视线转向大西洋彼岸和亚洲,景象则全然不同。对于意大利、德国、英国这样严重依赖天然气进口的经济体,气价的飙升正直接转化为通胀的剧烈上行。牛津经济研究院的模型显示,与之前的预期相比,今年第四季度意大利的通胀率可能因此被额外推高超过1个百分点,整个欧元区和英国的通胀预期也将被拉高逾0.5个百分点。这些经济体在全球能源供应链上的位置,决定了它们几乎找不到避风港。中国、印度和韩国同样身处风暴的前沿地带,它们从中东进口的大量油气,绝大部分都要经过霍尔木兹海峡这条“世界能源的咽喉”。不过,分析普遍认为,中国手中的牌相对更多一些:庞大的战略石油储备、必要时暂停出口以保障内供的政策空间,以及转向俄罗斯进口的地缘选项,都提供了缓冲余地。甚至,考虑到国内持续存在的通缩压力,适度的输入性通胀或许并非不可接受。
这场能源冲击,本质上是一场以国家为单位的剧烈收入再分配。挪威、加拿大这样的能源出口国可以坐享高价红利,又不必像卡塔尔等中东产油国那样直接承受生产中断和地缘威胁。而进口国面临的则是多维度的挤压:飙升的能源成本侵蚀家庭购买力,推高企业生产成本,打击金融市场情绪,最终合力拖累全球总需求。正如一家英国智库所言,当一种关键生产要素变得昂贵时,所有人的处境都会变得更糟,只是这一次,疼痛感的分布将前所未有地不均衡。

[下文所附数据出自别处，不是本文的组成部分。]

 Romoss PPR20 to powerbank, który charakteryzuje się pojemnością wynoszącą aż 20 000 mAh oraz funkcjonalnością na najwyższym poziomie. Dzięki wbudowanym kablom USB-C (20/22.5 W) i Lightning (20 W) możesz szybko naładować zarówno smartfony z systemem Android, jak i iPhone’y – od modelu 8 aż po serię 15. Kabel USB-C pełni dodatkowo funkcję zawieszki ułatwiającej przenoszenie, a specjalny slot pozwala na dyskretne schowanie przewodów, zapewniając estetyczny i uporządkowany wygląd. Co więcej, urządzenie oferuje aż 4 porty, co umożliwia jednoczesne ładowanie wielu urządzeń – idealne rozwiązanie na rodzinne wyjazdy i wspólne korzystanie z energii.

这种不均衡的疼痛,也直接改写了全球央行行长的政策剧本。过去那种“看穿”能源价格短期波动的经验主义正在被抛弃。经历了疫情和俄乌冲突后的高通胀洗礼,许多国家的通胀预期已不再稳固,企业和工人对价格上涨变得更加敏感。有分析指出,央行们的新共识是:面对能源价格冲击,必须准备用更鹰派的姿态来对抗通胀预期脱锚的风险。货币市场已经迅速对此做出反应:对英国央行降息的预期大幅降温,甚至在部分定价中重新计入了2026年底前加息的可能。而在大西洋对岸,美联储主席鲍威尔维持利率不变的立场,反而因这场新的通胀变数而得到强化。市场对年内降息次数的押注已从两到三次缩减为一到两次,首次降息的时间点也被从7月推后至9月。正如一些交易员所感知的,美联储因此获得了更充分的观望时间。
然而,对于这场危机的直接发起者特朗普政府而言,国内的政治压力却无法通过观望来化解。在11月中期选举的倒计时中,油价的每一次跳动都牵扯着选民的神经。研究表明,汽油价格上涨对低收入群体的打击尤为沉重,因为他们通常从事需要更多通勤的工作,且收入中用于燃料的占比更高。高盛甚至警告,如果危机持续,油价可能挑战2008年和2022年超过147美元/桶和每加仑5美元的历史峰值。无论白宫嘴上如何强硬,这场突如其来的可负担性危机,已然成为其政治议程上一道避无可避的难题。归根结底,当全球能源市场这头巨兽被惊醒时,没有一个经济体是真正的孤岛。